- [YOUR ASSIGNMENT]: Nothing but the lines below from the one containing "Écran IPS 19" through the one containing "2、操作设计简单轻松,仅需滑" should appear in the answer, exact and without pictures.

- [EXCERPTED DATA]:
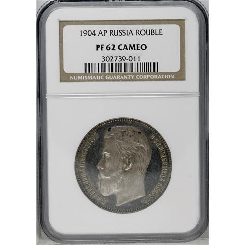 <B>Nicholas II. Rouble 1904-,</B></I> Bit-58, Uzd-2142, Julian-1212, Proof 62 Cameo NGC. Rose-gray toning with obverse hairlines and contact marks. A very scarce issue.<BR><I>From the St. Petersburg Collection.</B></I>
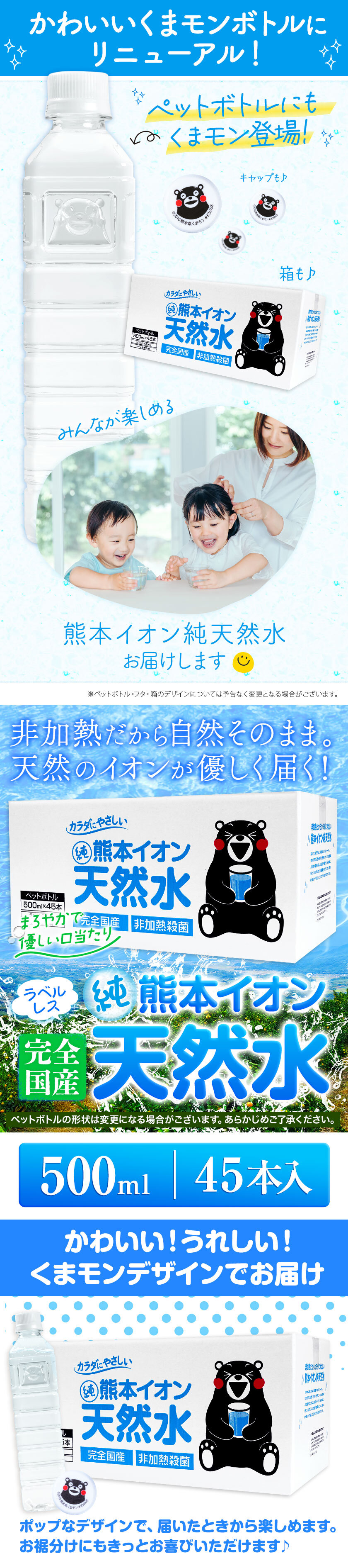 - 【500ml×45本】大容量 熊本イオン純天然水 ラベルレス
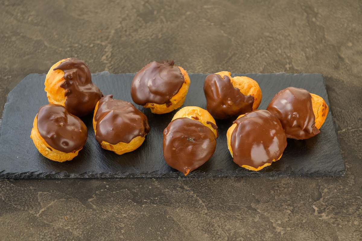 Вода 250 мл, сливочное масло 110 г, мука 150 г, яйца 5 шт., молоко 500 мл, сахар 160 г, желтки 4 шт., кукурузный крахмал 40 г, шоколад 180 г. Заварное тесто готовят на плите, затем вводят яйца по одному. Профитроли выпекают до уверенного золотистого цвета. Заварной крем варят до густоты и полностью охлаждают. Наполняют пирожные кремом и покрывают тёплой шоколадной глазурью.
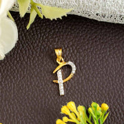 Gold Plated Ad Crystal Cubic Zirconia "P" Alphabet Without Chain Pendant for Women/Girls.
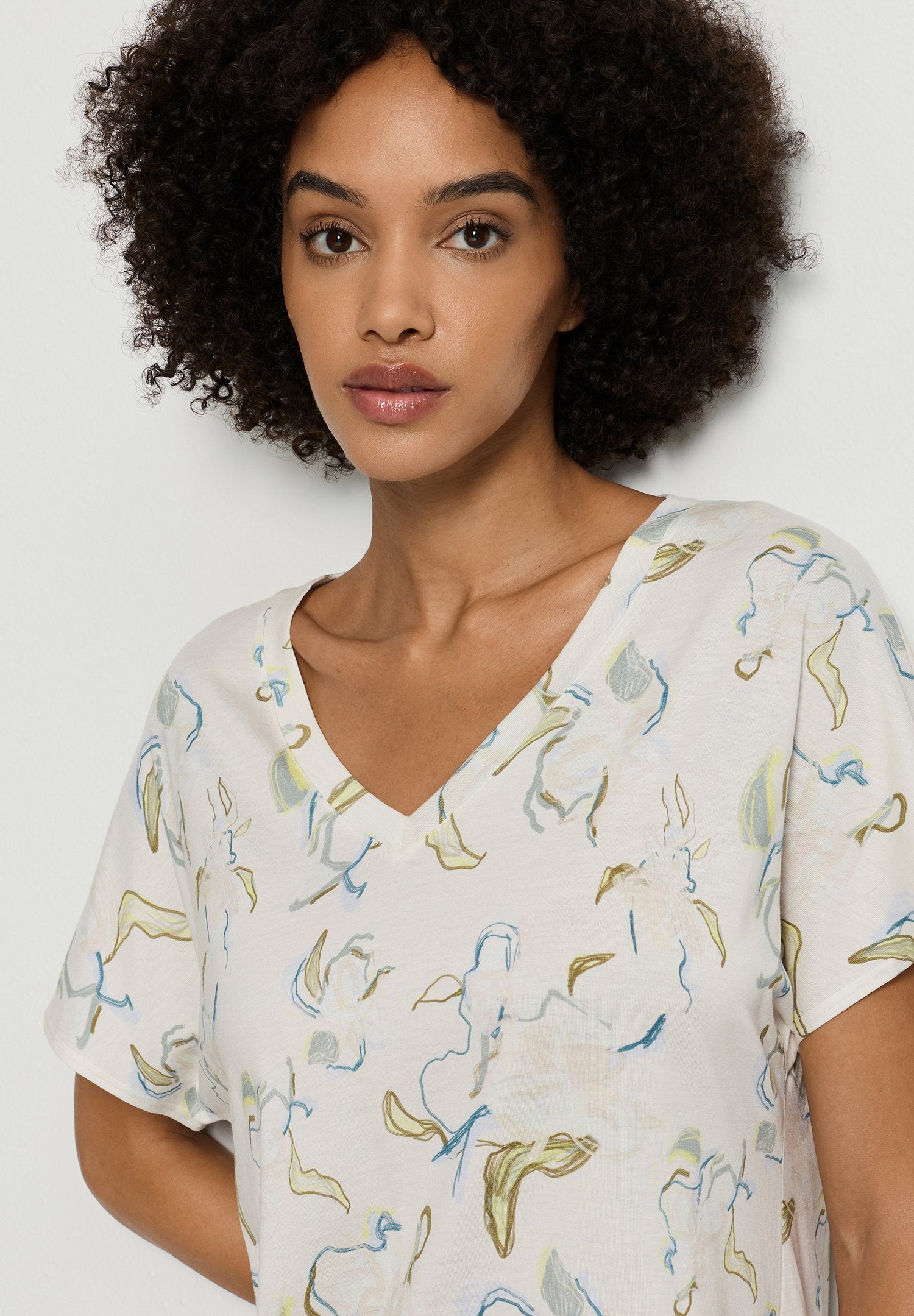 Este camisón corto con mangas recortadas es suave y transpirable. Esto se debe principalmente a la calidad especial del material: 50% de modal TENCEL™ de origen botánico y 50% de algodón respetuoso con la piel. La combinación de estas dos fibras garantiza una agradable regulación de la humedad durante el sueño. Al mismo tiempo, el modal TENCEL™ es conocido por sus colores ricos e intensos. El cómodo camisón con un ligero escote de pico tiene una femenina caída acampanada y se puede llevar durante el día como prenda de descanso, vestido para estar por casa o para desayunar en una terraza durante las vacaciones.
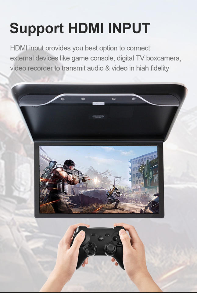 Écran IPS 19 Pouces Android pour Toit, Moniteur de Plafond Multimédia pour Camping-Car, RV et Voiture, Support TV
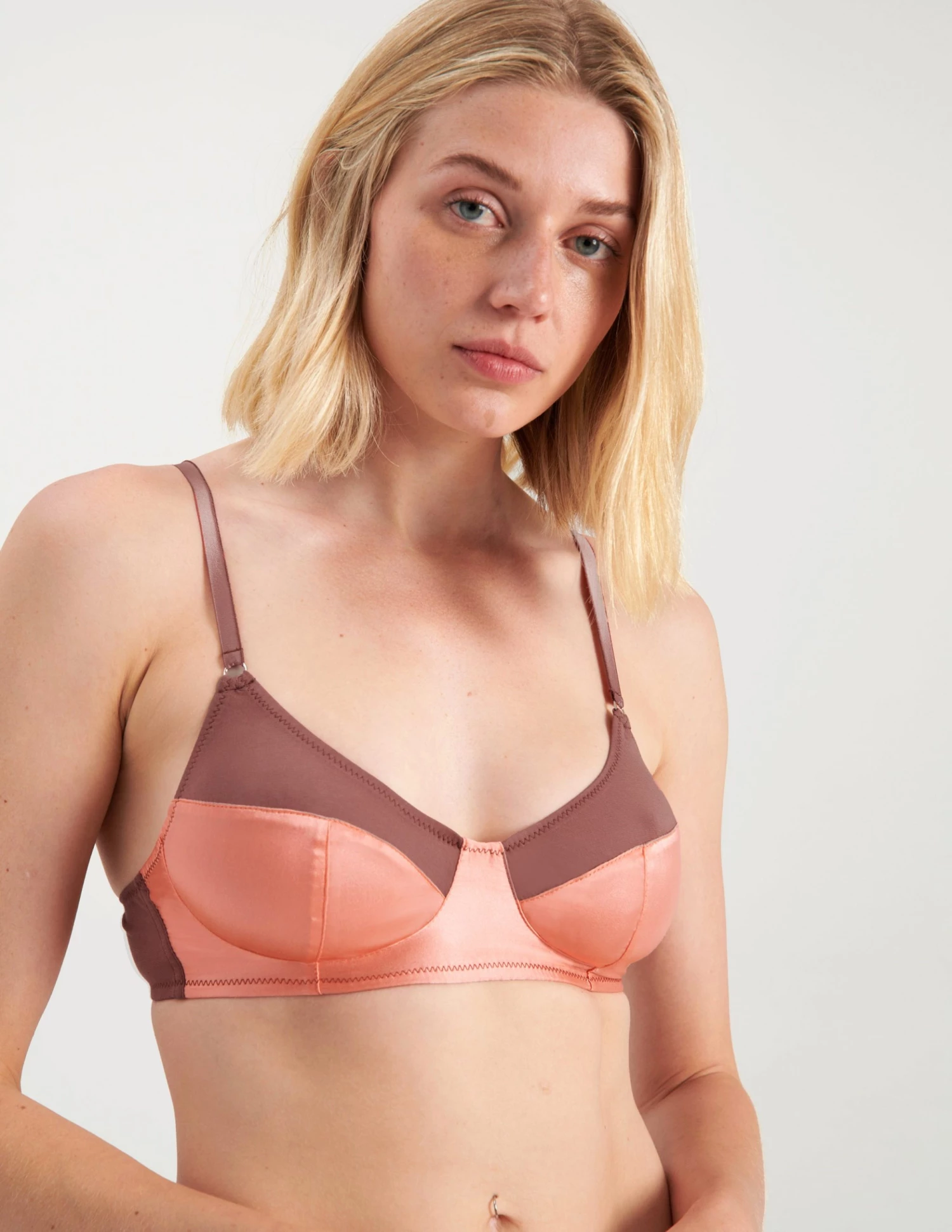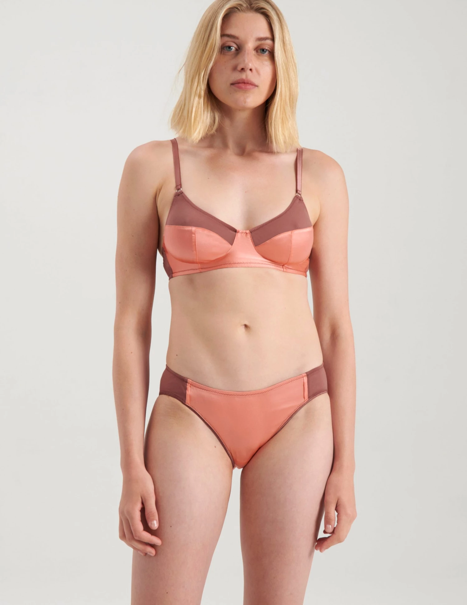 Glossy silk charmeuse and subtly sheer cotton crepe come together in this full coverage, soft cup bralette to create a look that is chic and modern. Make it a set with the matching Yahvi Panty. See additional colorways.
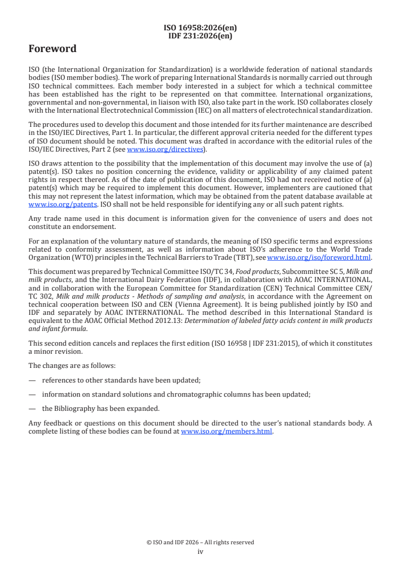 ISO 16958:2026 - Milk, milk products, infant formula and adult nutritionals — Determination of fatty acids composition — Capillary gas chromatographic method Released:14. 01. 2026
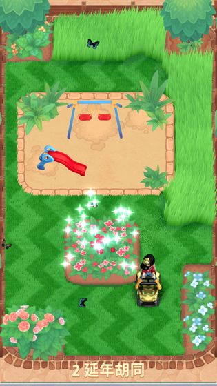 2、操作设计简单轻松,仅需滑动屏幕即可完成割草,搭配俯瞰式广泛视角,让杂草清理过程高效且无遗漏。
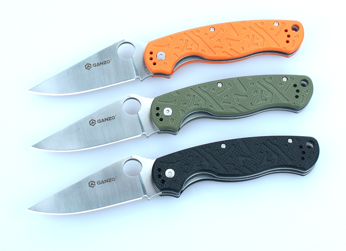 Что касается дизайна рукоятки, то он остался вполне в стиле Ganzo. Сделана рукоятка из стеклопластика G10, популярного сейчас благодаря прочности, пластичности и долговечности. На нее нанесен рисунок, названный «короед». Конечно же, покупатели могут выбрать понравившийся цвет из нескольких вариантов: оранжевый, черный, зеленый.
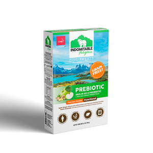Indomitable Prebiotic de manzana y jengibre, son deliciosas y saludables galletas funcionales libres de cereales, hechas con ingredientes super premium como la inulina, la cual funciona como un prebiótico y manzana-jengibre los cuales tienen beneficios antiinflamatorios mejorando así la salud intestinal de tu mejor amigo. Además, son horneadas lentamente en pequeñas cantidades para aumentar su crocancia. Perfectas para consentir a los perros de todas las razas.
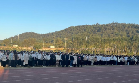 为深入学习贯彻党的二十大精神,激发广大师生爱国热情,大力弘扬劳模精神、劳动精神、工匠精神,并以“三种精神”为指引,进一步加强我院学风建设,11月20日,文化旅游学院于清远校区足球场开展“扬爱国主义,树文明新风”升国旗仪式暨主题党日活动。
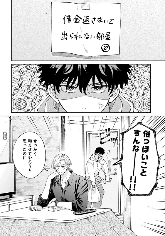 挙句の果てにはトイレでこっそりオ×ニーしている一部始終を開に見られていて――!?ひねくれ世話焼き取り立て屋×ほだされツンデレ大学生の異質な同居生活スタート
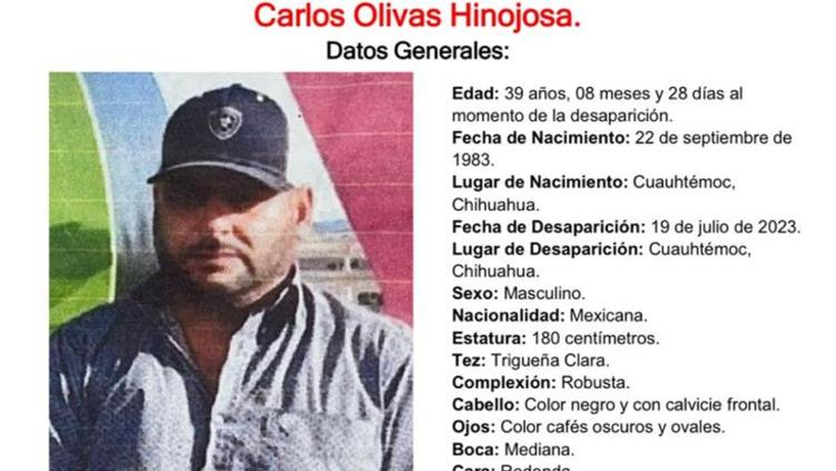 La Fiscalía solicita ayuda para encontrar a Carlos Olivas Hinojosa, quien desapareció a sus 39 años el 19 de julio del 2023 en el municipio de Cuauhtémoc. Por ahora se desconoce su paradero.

- [ANSWER TO THIS PROBLEM]:
 Écran IPS 19 Pouces Android pour Toit, Moniteur de Plafond Multimédia pour Camping-Car, RV et Voiture, Support TV
 Glossy silk charmeuse and subtly sheer cotton crepe come together in this full coverage, soft cup bralette to create a look that is chic and modern. Make it a set with the matching Yahvi Panty. See additional colorways.
 ISO 16958:2026 - Milk, milk products, infant formula and adult nutritionals — Determination of fatty acids composition — Capillary gas chromatographic method Released:14. 01. 2026
 2、操作设计简单轻松,仅需滑动屏幕即可完成割草,搭配俯瞰式广泛视角,让杂草清理过程高效且无遗漏。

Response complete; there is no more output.